Problem description: I need an exact copy of the lines from the one containing "汇新礼堂中,志愿者们认真清扫" through the end of the records, without any pictures.

Materials provided:
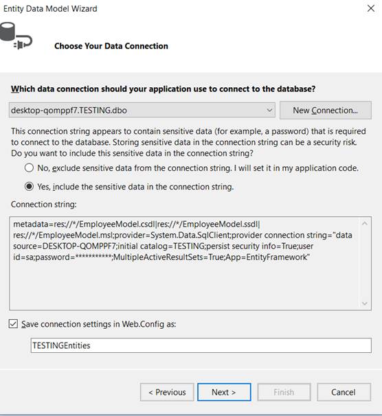 Click "New Connection" and select the Server in which you had created the database. Afterwards, select second option button (Yes, include the sensitive data in the connection string.), which is to include the connection string in our web.config file.
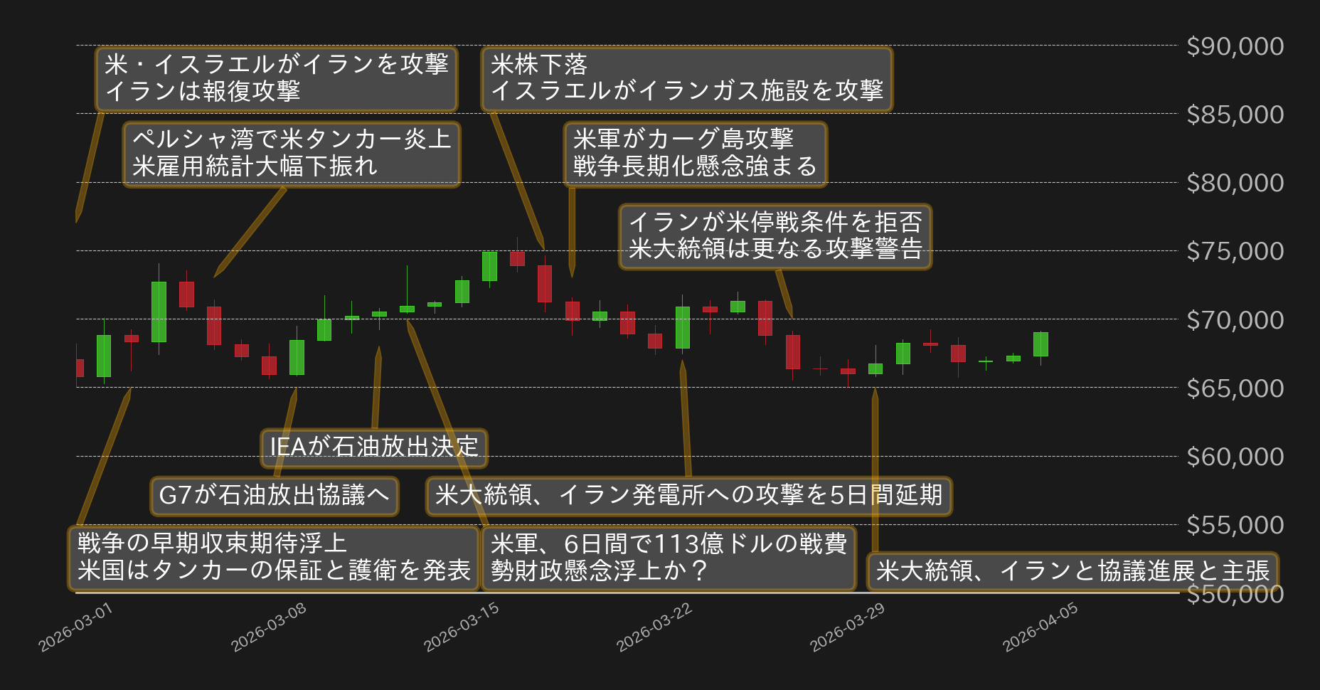下旬にかけては、米国が提示した停戦条件をイランが拒否したことで、米国が追加攻撃を警告するなど緊張が一段と高まった。これにより、BTCは一時6万5000ドル近辺まで下落したが、米国が攻撃延期やイランとの協議の進展を示唆したことで過度なリスクオフは後退し、6万ドル台後半でのもみ合いに転じた。
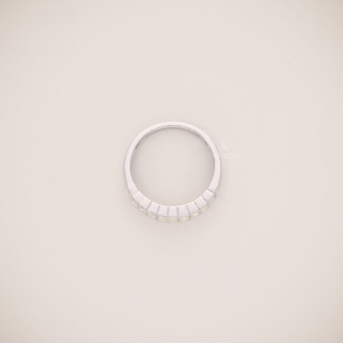 Its sleek profile allows comfortable daily wear while delivering luxurious sparkle, making it ideal as a wedding band, anniversary ring, stacking ring, or elegant everyday statement piece.
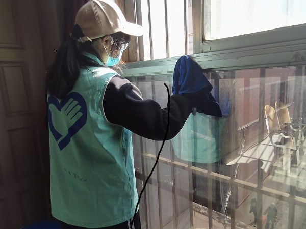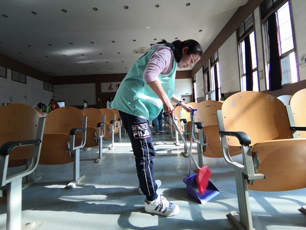 汇新礼堂中,志愿者们认真清扫拖洗地面,整理杂物,擦拭窗户、桌椅,清理过程中志愿者们发现不少乐器已经落灰生锈,杂乱的堆在礼堂的角落,于是找来食醋等适合清理乐器铁锈的物品,将乐器清理干净并有序摆放好。最后,志愿者们携手合作拖净了礼堂的地面,并仔细检查了礼堂的每一个角落。阳光从干净明亮的窗户透过,闪耀着志愿者们辛苦而满足的笑脸。
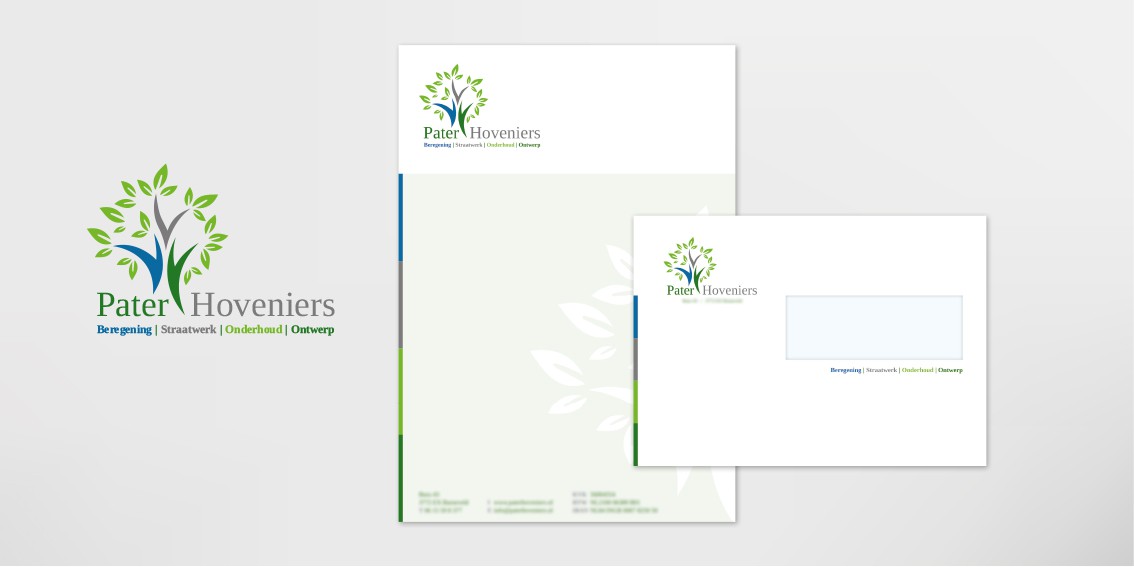 De vier diensten van Pater Hoveniers zijn beregening, aanleg, onderhoud en ontwerp. Deze pijlers komen terug met ieder een eigen kenmerkende kleur in de huisstijl. De boom staat centraal in het logo van Pater Hoveniers. Hier komen de vier kleuren van de pijlers samen tot één karakteristiek, opvallend element. De huisstijl hebben we doorgevoerd in het drukwerk, waaronder het briefpapier, de enveloppen en de visitekaartjes.

Your response:
 汇新礼堂中,志愿者们认真清扫拖洗地面,整理杂物,擦拭窗户、桌椅,清理过程中志愿者们发现不少乐器已经落灰生锈,杂乱的堆在礼堂的角落,于是找来食醋等适合清理乐器铁锈的物品,将乐器清理干净并有序摆放好。最后,志愿者们携手合作拖净了礼堂的地面,并仔细检查了礼堂的每一个角落。阳光从干净明亮的窗户透过,闪耀着志愿者们辛苦而满足的笑脸。
 De vier diensten van Pater Hoveniers zijn beregening, aanleg, onderhoud en ontwerp. Deze pijlers komen terug met ieder een eigen kenmerkende kleur in de huisstijl. De boom staat centraal in het logo van Pater Hoveniers. Hier komen de vier kleuren van de pijlers samen tot één karakteristiek, opvallend element. De huisstijl hebben we doorgevoerd in het drukwerk, waaronder het briefpapier, de enveloppen en de visitekaartjes.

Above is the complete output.